The pomegranate was on a table close to the fireplace.
She slit it open now. The outer layer of scarlet seeds had been warmed by the flames. The temperature of menstrual blood, of semen just emerged from a man’s body.
‘Afghan fruit vendors would sometimes inject poison into the oranges, melons and pomegranates they sold us Soviet soldiers.’
*
The orchard is a lace of linked greenery around them as Marcus and Lara walk between the trees in the morning. A paw of mist comes down from the mountains above the house.
Marcus inhales the green scents of the spring morning. ‘One year when we visited England there was pollen everywhere, everything coated yellow. A wet April followed by a dry May had caused the pollen cloud to float over to eastern England from Scandinavia. It was thirty years ago but I remember it suddenly now.’
‘Stravinsky in his seventies remembered for the first time the smell of the St Petersburg snow of his childhood.’
‘Is it something distinctive?’
‘Unforgettable. Benedikt mentioned it in one of his letters home.’
There are butterflies in the trees around them. Some have green underwings so that — visible invisible visible invisible — they seem to blink in and out of existence as they fly amid the leaves.
‘Look there, Lara. That tree with pink blossoms.’
She comes and stands beside him. ‘It’s as though lightning struck it.’

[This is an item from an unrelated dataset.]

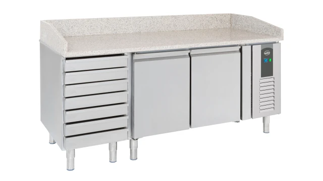 Combisteel 7950.0042 Grey Label Pizzawerkbank volledig uitgevoerd in RVS, geforceerde koeling, automatische ontdooiing, 2 deuren + 7 laden.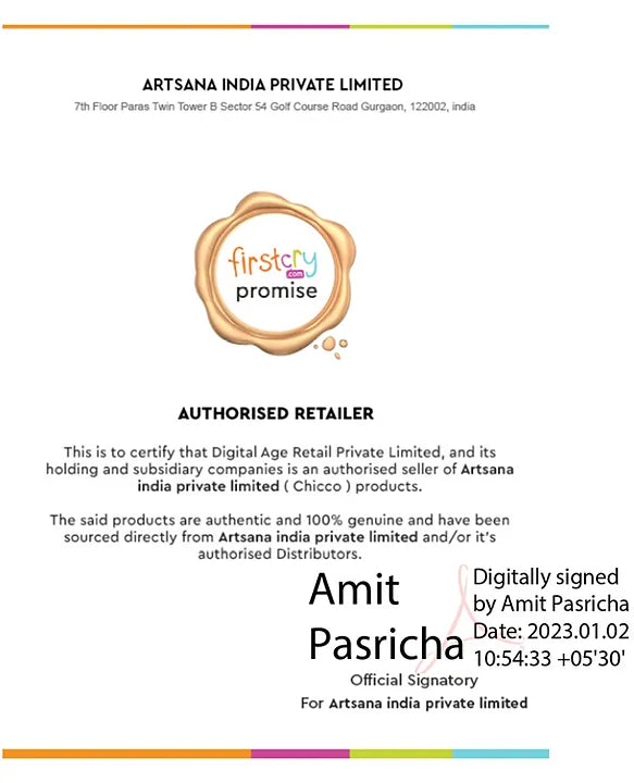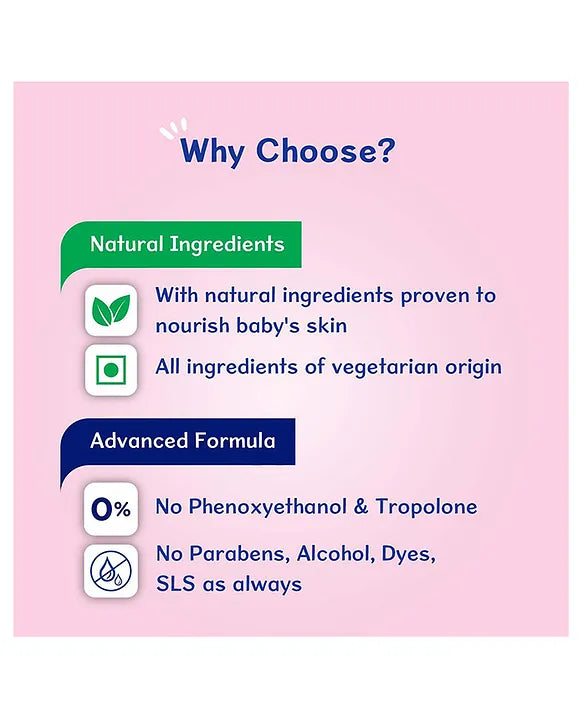 • Free from potentially harmful chemicals: Being a forerunner in bringing latest scientific advancements, Chicco Baby Moments pioneered in offering products free from Phenoxyethanol, Parabens, Alcohol, Dyes, Lauryl Sulphates, Tropolone and with no-added Phthalates, making it suitable for baby's delicate skin.

‘Qatrina did that. A man from Usha kept making his wife pregnant year after year. The young woman was twenty-two and had had seven children in six years. He never allowed her body to recover, despite warnings and pleadings from Qatrina. When he brought his wife to us for an eighth time, she was almost dead. The tree was small then, a sapling, but still rather robust, and while I was trying to stabilise the woman, Qatrina came out here. In giving vent to her rage she tore the young apricot plant in two. It’s possible she wanted to break off a branch to thrash him.’
They look at it where it is split down the middle. The pink splash-pattern of its flowers.
About five years ago Lara herself had failed yet again to carry a pregnancy to full term. For a Russian woman an abortion was one of the more obvious options when it came to birth control, the men not agreeing to consider any preventative methods themselves, and the ones Lara had had in her youth had damaged her.
‘You mustn’t think badly of Qatrina from what I have just told you.’
‘Of course not.’
‘Women were always dying in repeated childbirth because the husbands didn’t listen — Qatrina had to struggle with the mosques because they said birth control was the West’s attempt at reducing the number of Muslims in the world. And then the Communist regime came and closed down the family planning centres, saying they were an Imperialist conspiracy to detract attention from the real causes of poverty.’
Last month in Usha he overheard a child of about seven say to another, the pair obviously at a loss for something to do, ‘Or shall we go and throw stones at the grave of Qatrina?’ Marcus wishes he hadn’t heard it, had heard it inaccurately.